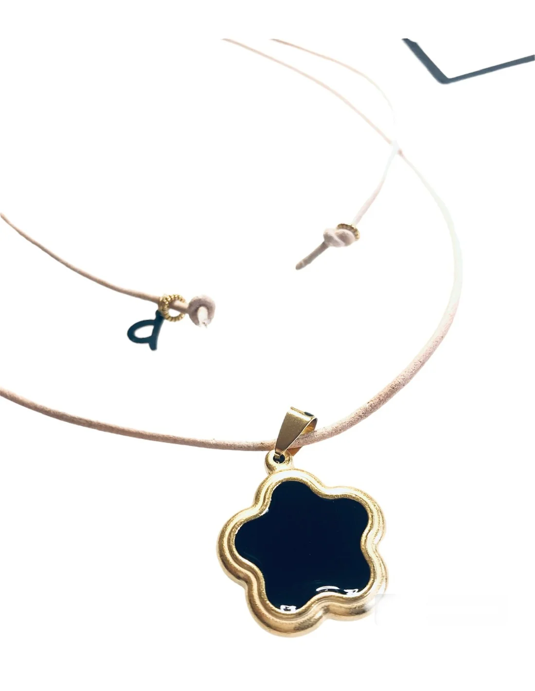 Αναδείξτε τη φυσική σας ομορφιά με το κολιέ "Fiore", ένα εκπληκτικό κόσμημα που συνδυάζει την κομψότητα του επιχρυσωμένου ατσαλιού με την αίσθηση του φυσικού δέρματος.
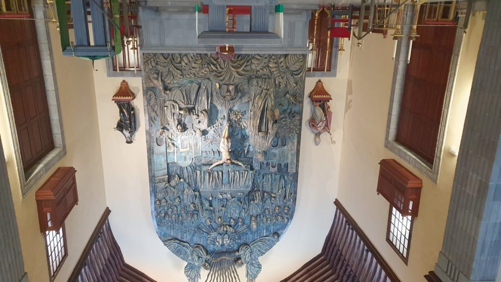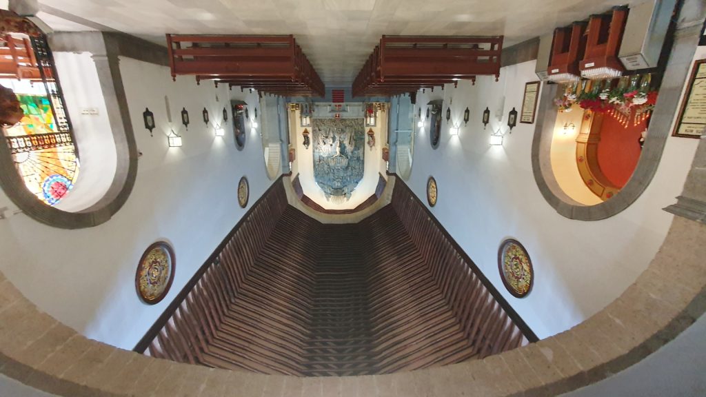 Puis on visite l’intérieur de San Agustin avec sa belle charpente en forme de coque de bateau renversée…
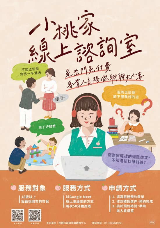 3、請於預約時間準時進入會議室。 二、檢送「小桃家線上諮詢室」海報電子檔 1 份(如印製海報需 要高解析度之檔案請至此網址下載 https://reurl.cc /g2b9GQ),請貴校協助周知有需求之家長使用。
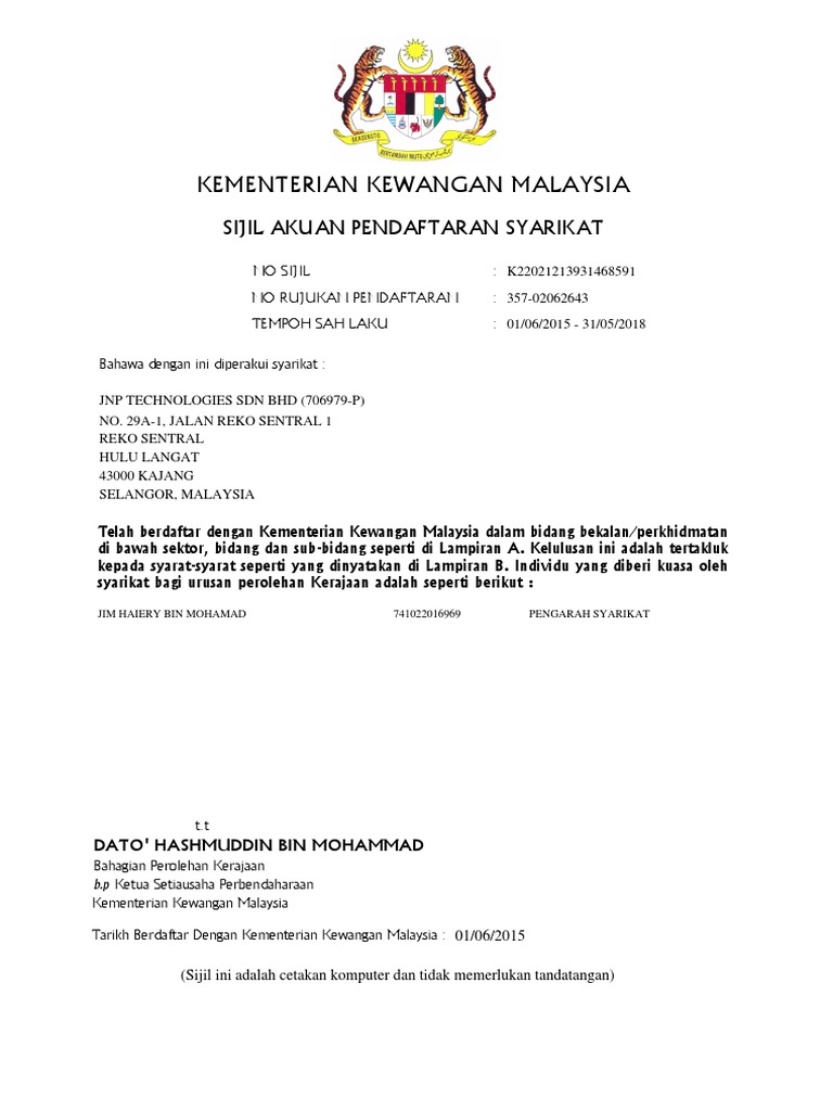 Kementerian Kewangan Malaysia Sijil Akuan Pendaftaran Syarikat Bumiputera
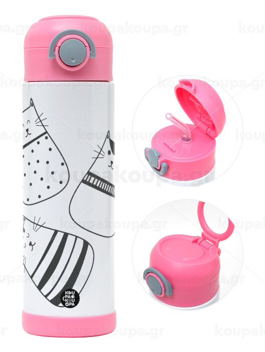 Cute cats, Easter candle, Childrens hot water bottle, stainless steel, with safety straw, PINK (500ml)
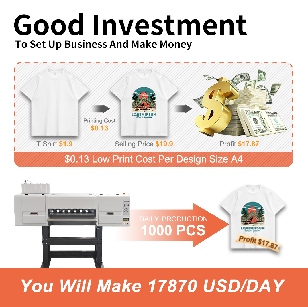 白墨打印机60cm A1 Heads DTF Printer Heat Transfer All-in-One Inkjet Print Machine for Fabric/T-Shirt Professional

§ §

▸ Aim of the exercise: Where a picture appears in the listing above, skip it and set down all the rest exactly.

▸ Answer box:
 Αναδείξτε τη φυσική σας ομορφιά με το κολιέ "Fiore", ένα εκπληκτικό κόσμημα που συνδυάζει την κομψότητα του επιχρυσωμένου ατσαλιού με την αίσθηση του φυσικού δέρματος.
 Puis on visite l’intérieur de San Agustin avec sa belle charpente en forme de coque de bateau renversée…
 3、請於預約時間準時進入會議室。 二、檢送「小桃家線上諮詢室」海報電子檔 1 份(如印製海報需 要高解析度之檔案請至此網址下載 https://reurl.cc /g2b9GQ),請貴校協助周知有需求之家長使用。
 Kementerian Kewangan Malaysia Sijil Akuan Pendaftaran Syarikat Bumiputera
 Cute cats, Easter candle, Childrens hot water bottle, stainless steel, with safety straw, PINK (500ml)
 白墨打印机60cm A1 Heads DTF Printer Heat Transfer All-in-One Inkjet Print Machine for Fabric/T-Shirt Professional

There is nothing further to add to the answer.